Dr. Sally Gainsbury, an ARF council member, stated that customers are more exposed to gambling harm if they wager at offshore sites, rather than domestic sites that are regulated. This shows that offshore sites present a problem as they are breaking the law by not holding an onshore license.

According to the ARF, online gambling platforms that are licensed by one jurisdiction and accept wagers outside of that jurisdiction are not legal. A report found that out of 534 online casinos and online sportsbooks in 61 jurisdictions, less than 40% are actually licensed and regulated.

In the 94-page report, the ARF outlines the fact that a majority of the operators are taking advantage of the so-called grey markets that operate from Brisbane and Beirut. Sites are classified into three categories; the first category includes licensed and regulated operators, the second category includes licensed, but under-regulated operators and the third category features sites that do not possess a license at all.

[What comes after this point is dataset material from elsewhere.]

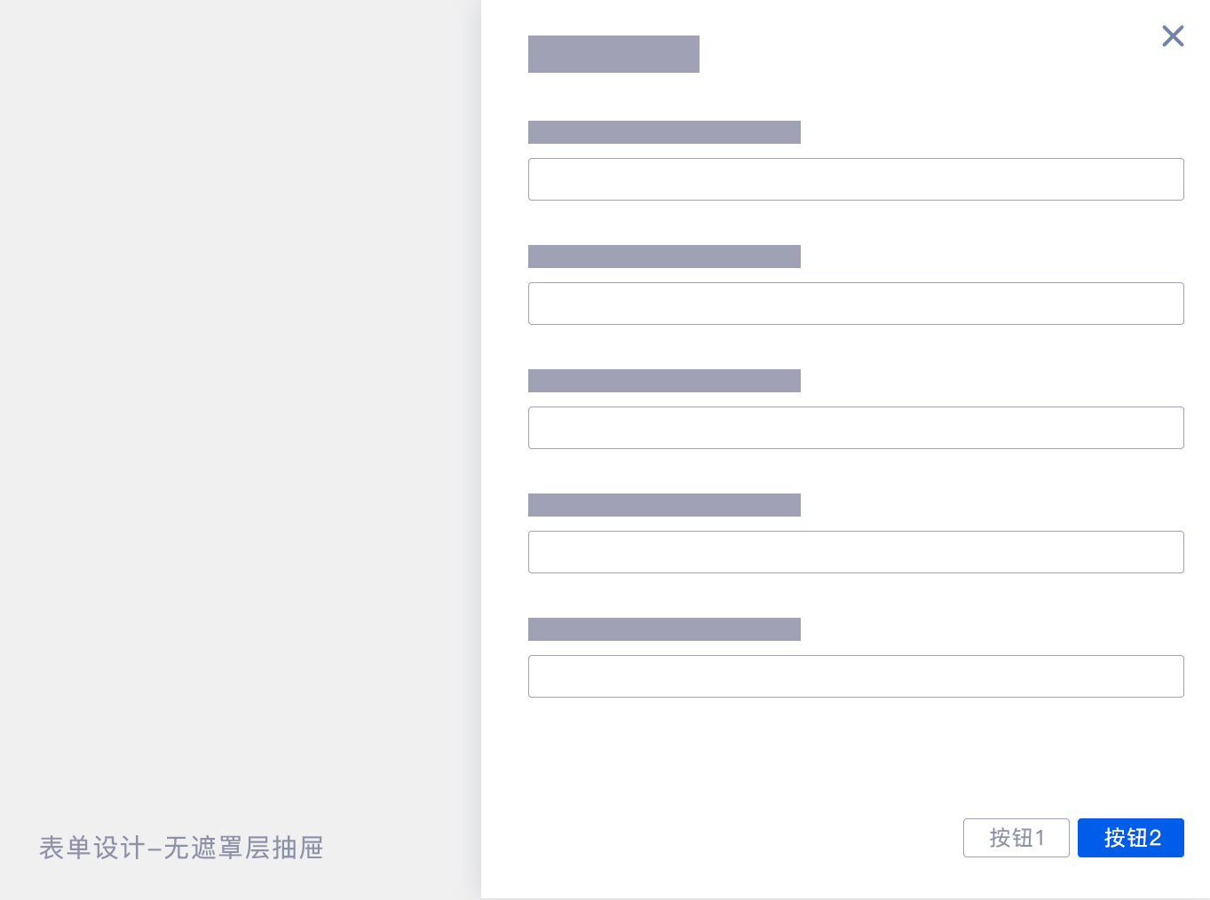 抽屜形式的表單展示方式是從屏幕右側彈出,有時候也會有從底部彈出的情況。這里主要分享從右側彈出的抽屜表單模式,抽屜模式還分為三種模式:有遮罩層的抽屜模式、無遮罩層的抽屜模式、擠壓模式。

Moreover, the report found that two-thirds of the sites that operate in other jurisdictions illegally come from Curacao, Malta, and the Philippines. Finally, it outlined the fact that casino junkets helped fuel the rise of illegal gambling in Asia. Junkets have proven to be quite problematic, especially in Macau, which is why they won’t be able to accept deposits anymore.

Illegal websites are a major problem to players as they are unable to determine which sites are licensed and regulated and which are not. A 2020 report in Sweden found out that only 5% of the customers know how to check the credibility of a gambling operator.

The USA is also facing a similar problem, which is why the American Gaming Association urged the DoJ to crack down on illegal offshore gambling sites. In a letter sent to Attorney General Merrick Garland, AGA stated that it believes that the DoJ is the only entity that can deal with this issue in a proper manner.